Sorry, I didn't read it carefully. Anyway, youe example can be written as:

for i in range(5):
    print(i, end=' => ')
    if i == 1:
        print('one')
    elif i == (2,3):
        print('tuple(two, three)')
    elif i in (2, 3):
        print('two or three')
    elif i > 3:
        print('more than three')
    else:
        print('unmatched')

and it's much simpler to read. I suggested the switch statement for a simpler alternative to the if-elif chain.

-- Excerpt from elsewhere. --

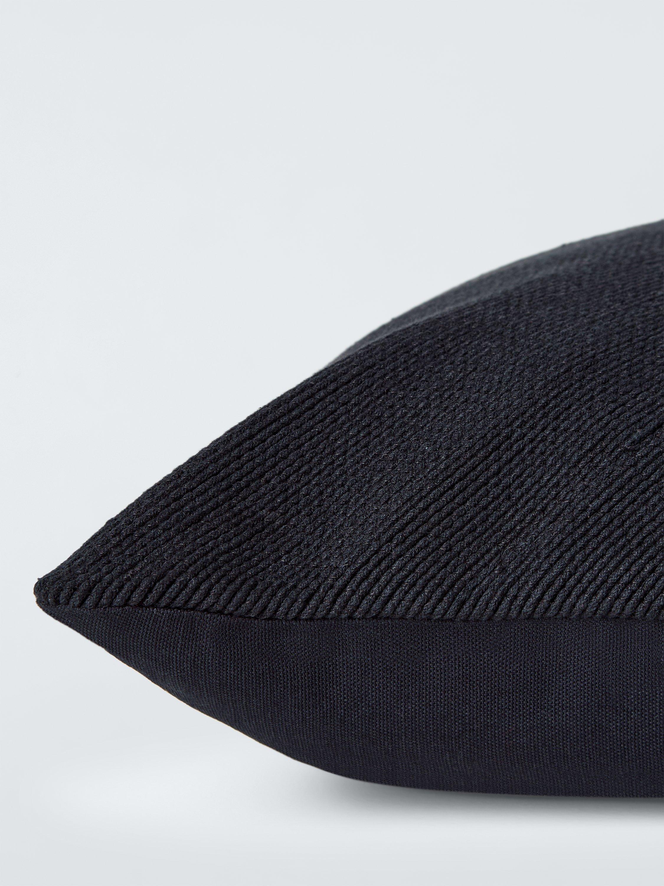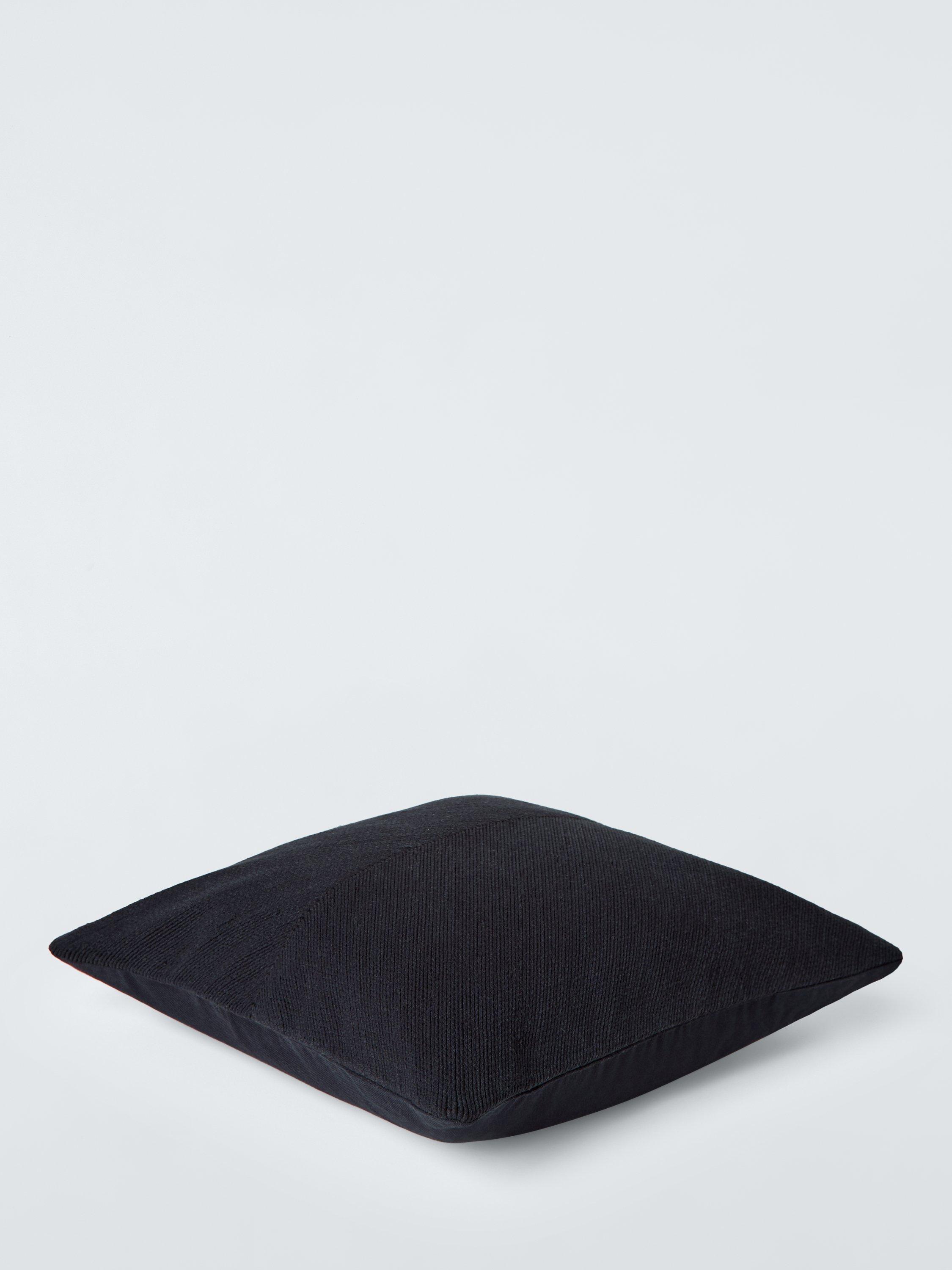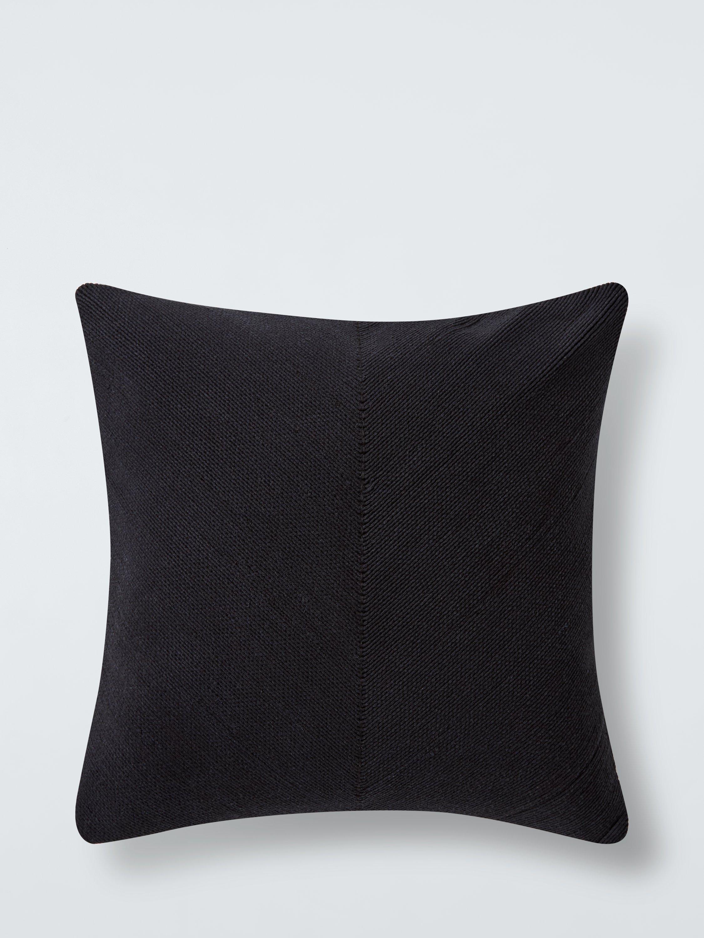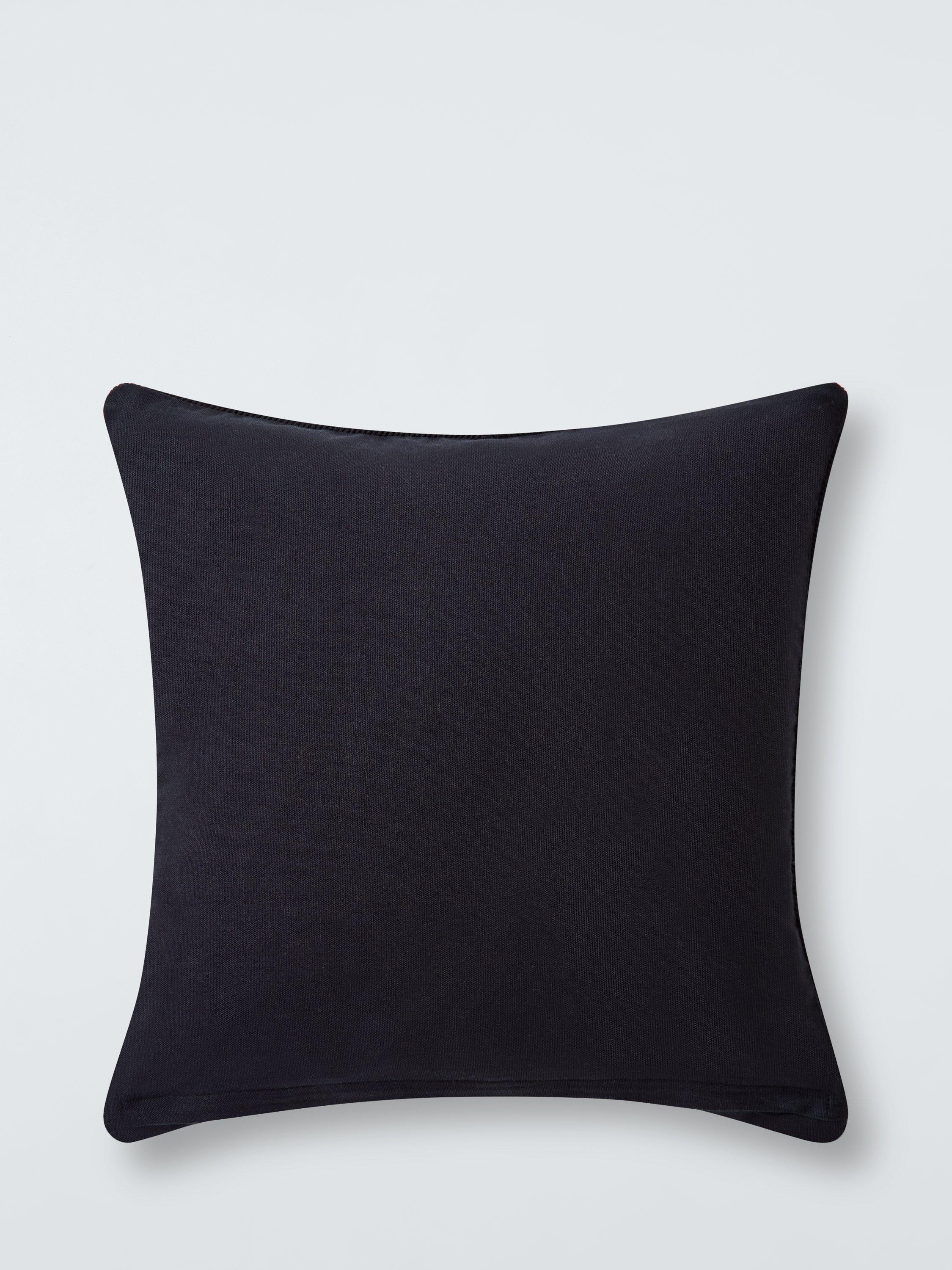 This cotton cushion is woven with a simple corded "v" design and hand-guided embroidery detail.

On 22 April 2014 17:15, Chris Angelico rosuav-at-gmail.com |python-ideas-at-python.org| <iv1yq22odt@sneakemail.com> wrote:
On Wed, Apr 23, 2014 at 1:01 AM, Lucas Malor <7vsfeu4pxg@snkmail.com> wrote:
>> for i in range(5):
>>     print(i, end=' => ')
>>     case = Case(i)
>>     if case(1):
>>         print('one')
>>     elif case((2,3)):
>>
>>         print('tuple(two, three)')
>>
>>     elif case(2, 3):
>>         print('two or three')
>>     elif case > 3:
>>         print('more than three')
>>
>>     else:
>>
>>         print('unmatched')
>
>
> Ok, but you have to nest it inside a for loop. Your class is a good
> solution, but a new syntax does not need nesting in a with or a for
> statement.
>

I don't think he *has* to nest it. My reading of the above is that
it's the For-Case Paradigm [1], normally considered an anti-pattern
but viable for demonstrating what happens in each case.